* INFORMATION SUPPLIED:
========================================================================

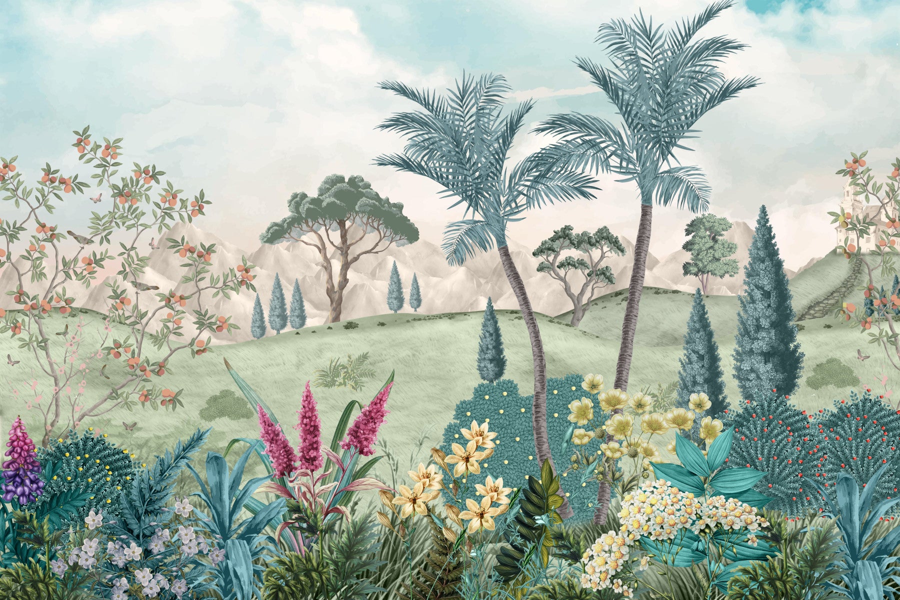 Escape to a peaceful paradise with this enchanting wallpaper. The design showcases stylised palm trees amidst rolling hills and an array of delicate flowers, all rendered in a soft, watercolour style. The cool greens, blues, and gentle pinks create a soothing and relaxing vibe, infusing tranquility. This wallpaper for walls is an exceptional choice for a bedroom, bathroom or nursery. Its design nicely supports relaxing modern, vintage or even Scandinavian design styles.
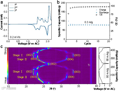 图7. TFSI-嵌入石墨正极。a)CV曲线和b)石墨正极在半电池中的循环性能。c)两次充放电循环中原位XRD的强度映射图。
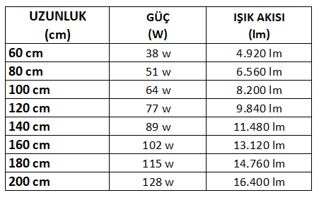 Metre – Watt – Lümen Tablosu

========================================================================

* WHAT THIS TASK INVOLVES: Exactly as written, restate the listing above with its pictures omitted.

* TASK OUTPUT:
 Escape to a peaceful paradise with this enchanting wallpaper. The design showcases stylised palm trees amidst rolling hills and an array of delicate flowers, all rendered in a soft, watercolour style. The cool greens, blues, and gentle pinks create a soothing and relaxing vibe, infusing tranquility. This wallpaper for walls is an exceptional choice for a bedroom, bathroom or nursery. Its design nicely supports relaxing modern, vintage or even Scandinavian design styles.
 图7. TFSI-嵌入石墨正极。a)CV曲线和b)石墨正极在半电池中的循环性能。c)两次充放电循环中原位XRD的强度映射图。
 Metre – Watt – Lümen Tablosu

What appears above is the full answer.